**WORK TO COMPLETE**. The response should contain all of the data below, reproduced exactly, and no pictures.

____ SOURCE DATA

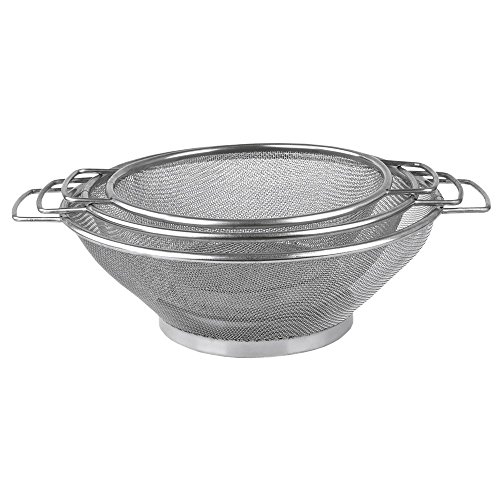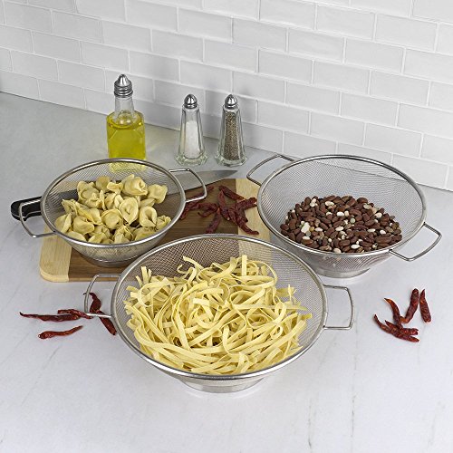 Home Basics Mesh Colander Strainer with Handles, 3 Piece Set, Silver
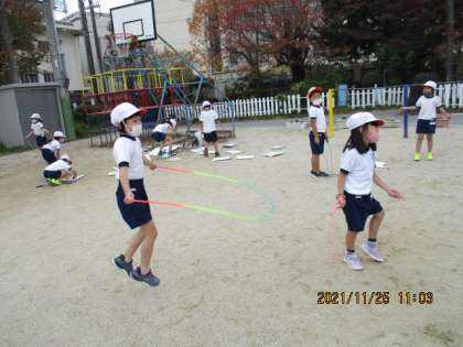 休みじかんになわとびに ちょうせんして たのしむようすが みられました。
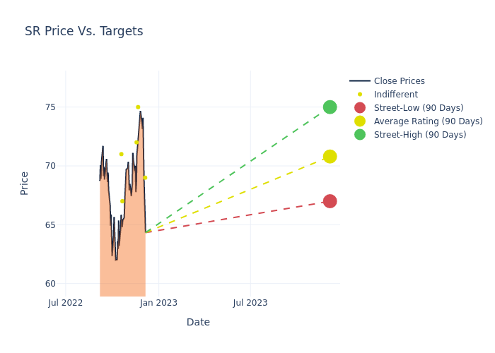 In the last 3 months, 7 analysts have offered 12-month price targets for Spire. The company has an average price target of $72.71 with a high of $78.00 and a low of $67.00.
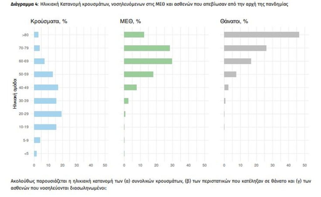 Οι εισαγωγές νέων ασθενών Covid-19 στα νοσοκομεία της επικράτειας είναι 654 (ημερήσια μεταβολή +31.59%). Ο μέσος όρος εισαγωγών του επταημέρου είναι 578 ασθενείς. Η διάμεση ηλικία των κρουσμάτων είναι 36 έτη (εύρος 0.2 έως 106 έτη), ενώ η διάμεση ηλικία των θανόντων είναι 78 έτη (εύρος 0.2 έως 106 έτη)».

________

**WRITTEN ANSWER**.
 Home Basics Mesh Colander Strainer with Handles, 3 Piece Set, Silver
 休みじかんになわとびに ちょうせんして たのしむようすが みられました。
 In the last 3 months, 7 analysts have offered 12-month price targets for Spire. The company has an average price target of $72.71 with a high of $78.00 and a low of $67.00.
 Οι εισαγωγές νέων ασθενών Covid-19 στα νοσοκομεία της επικράτειας είναι 654 (ημερήσια μεταβολή +31.59%). Ο μέσος όρος εισαγωγών του επταημέρου είναι 578 ασθενείς. Η διάμεση ηλικία των κρουσμάτων είναι 36 έτη (εύρος 0.2 έως 106 έτη), ενώ η διάμεση ηλικία των θανόντων είναι 78 έτη (εύρος 0.2 έως 106 έτη)».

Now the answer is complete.